“And he came to his disciples and found them asleep. And He said to Peter: What? Could you not watch one hour with Me? Watch ye; and pray that ye enter not into temptation. The spirit indeed is willing, but the flesh weak.”
St. Matthew: Chapters: 26: 1; 26-29; 36-46
Well, I am ashamed to say it but at the same time I feel a little bit better since the disciples and I share something in common, sleep is one of my greatest weaknesses. I really like bedtime. And I think that most people like resting and sleeping. Yes, I am a mom and sleep is not one of the job perks, necessarily. So when I get to go to bed early or sleep in late it is a wonderful “reward”.

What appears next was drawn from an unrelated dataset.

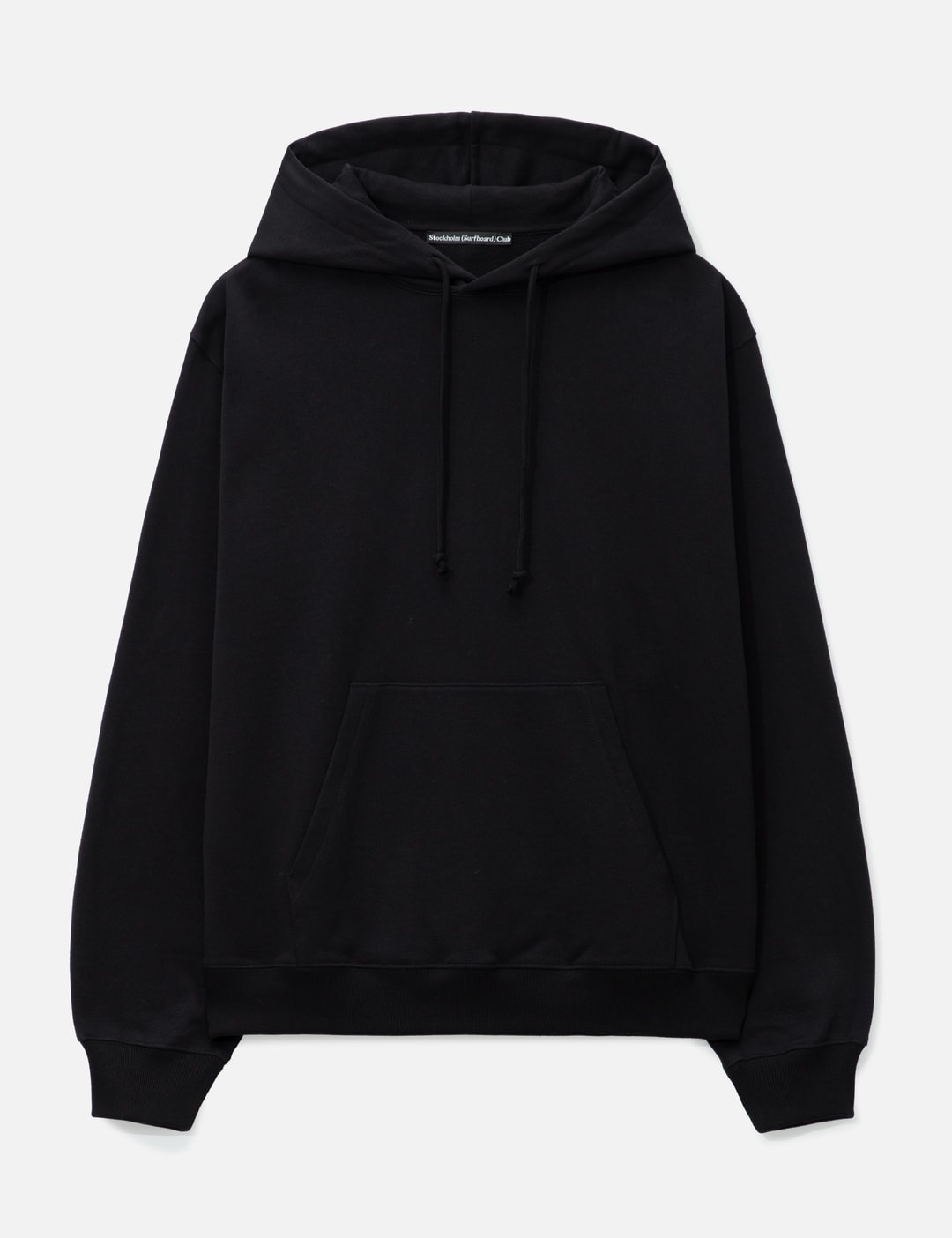 - STOCKHOLM SURFBOARD CLUB - Bjorn Hoodie - Heavyweight organic cotton fabric - Drawcord hood - Pouch pocket - Ribbed cuffs and hem - Logo print at rear - Brushed lining - Color: Black - Material: 100% Organic Cotton - See more Hoodies and Clothing SIZING - Model wears size M - Model measures: Height 186cm, Chest 34”/86cm, Waist 28”/71cm, Hip 36”/91cm

However, when my body is the one telling me and making me sleep in, that is a different thing all together. Lately, my body has been needing more sleep than usual. So now when I do sleep in late it is not as much as a choice as a necessity. But when that happens it throws my schedule out of whack, frustrating me because I can’t get everything done that I need to do.
Case in point, today, I overslept, which threw everything off…I didn’t have time to make breakfast before mass, had to find a different mass time to go to which was terrible. I normally use mass times.org, but today it seemed the masses I tried to make it to where not the right time. I got to mass at one church thinking I was late but no, it was over…so I was early for the next mass which didn’t start for 45 minutes. Did I mention no one had eaten breakfast. So I looked at masstimes again and we went to a different Church, mass started in 20 min. We head off, get to that Church only to find out we are late for that one too, everyone is now leaving. One very hungry husband, that is being a total gentleman trying so hard not to let his hunger take him over, 5 hungry kids including a toddler…what is a mom to do? We head off to breakfast, what else? I now running from church to church to find a mass isn’t on anyones list of things to do, so I figure I’ll get everyone home. Take care of a few things then head to mass on my own…not realistic but ideal.

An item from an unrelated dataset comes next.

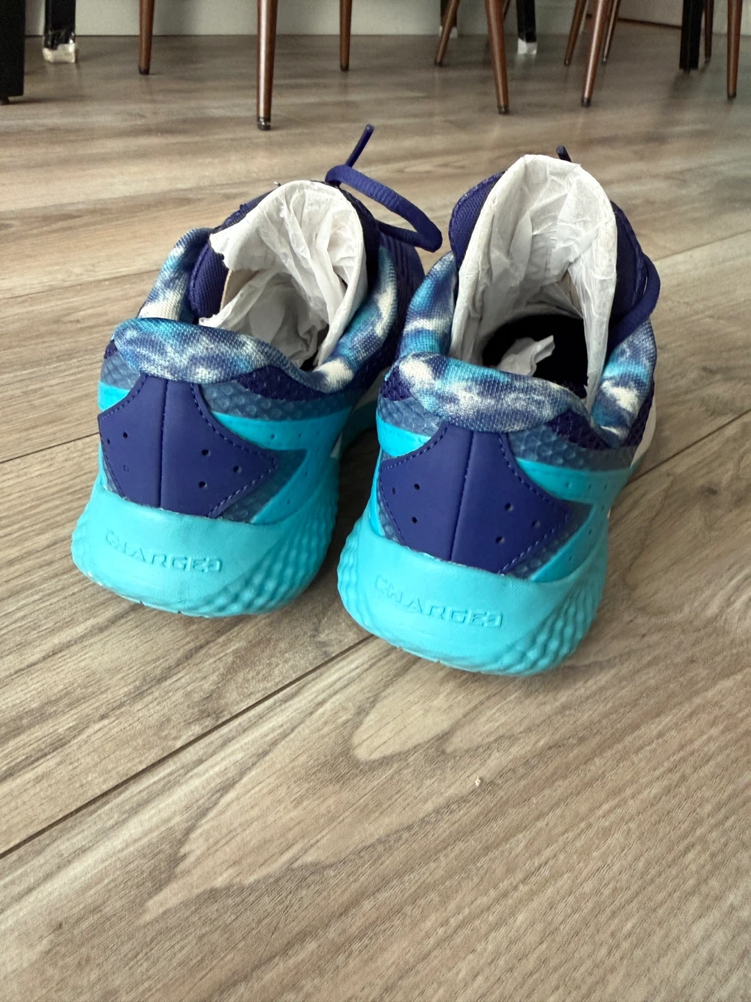 Under Armour Charged Rogue 3 running shoes in a blue and teal colourway.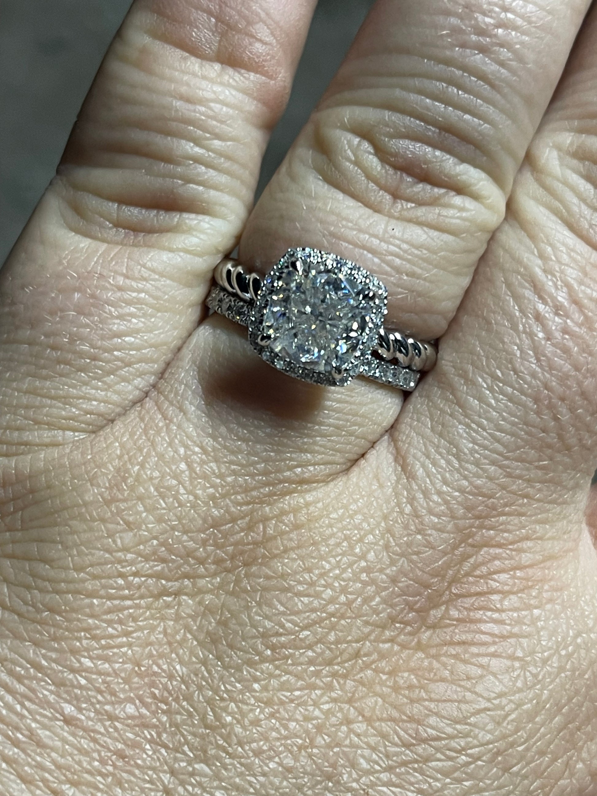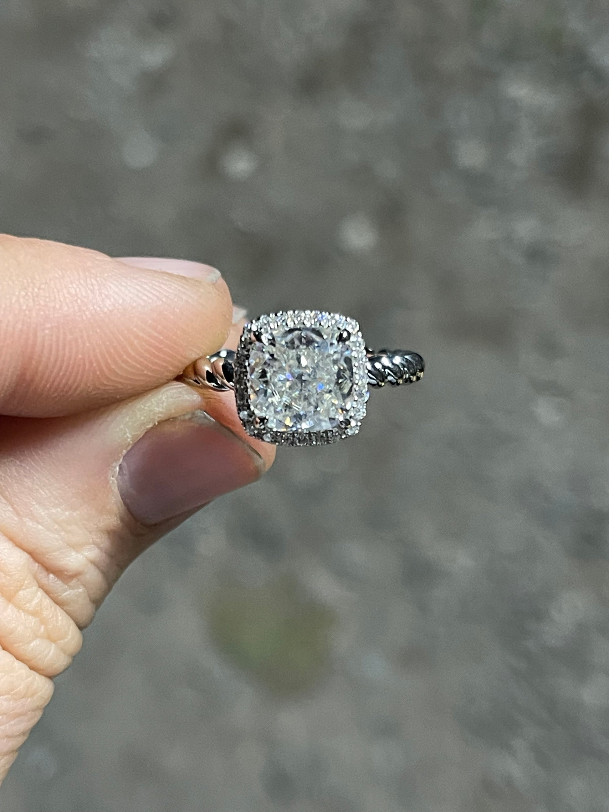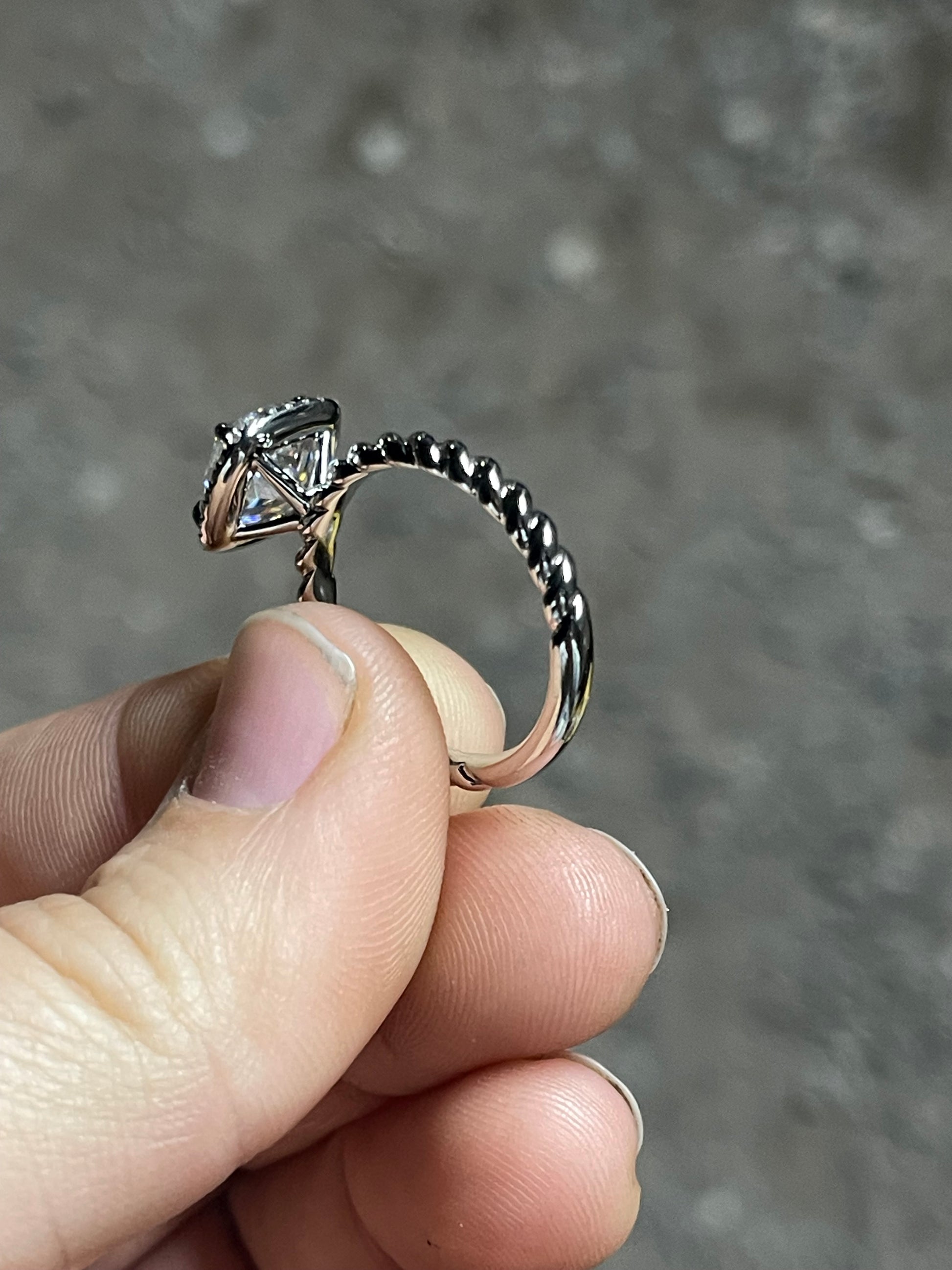 3ct Cushion Cut Moissanite with Halo Moissanite Stones on 3mm Twisted Wire Pattern Band

This is where I start to feel very bad and guilty. I never made it back out to mass, the day slipped away from me. I had several things which needed my attention and before I knew it was 9 p.m. There are no more masses and today being the start of Advent, left me very sad. How can I make this up to Jesus? How badly did the Disciples feel? How can we make our flesh stronger so that we don’t give in to the temptations? This is not the start of Advent I wanted, do I let that get in the way of continuing to celebrate Advent?
Our Lord forgave the Disciples especially Peter, who ran to Him after His death. God will forgive us. He knows our flesh is weak but He knows how much effort we will put in. I have plans for this Advent which I hope will bring me closer to Jesus, I can’t abandon those plans because of one mistake or 1000. He only wants to see us work to become the children He made us to be. We must fight each day even if we lose each day, one day we will win. God will make sure of that.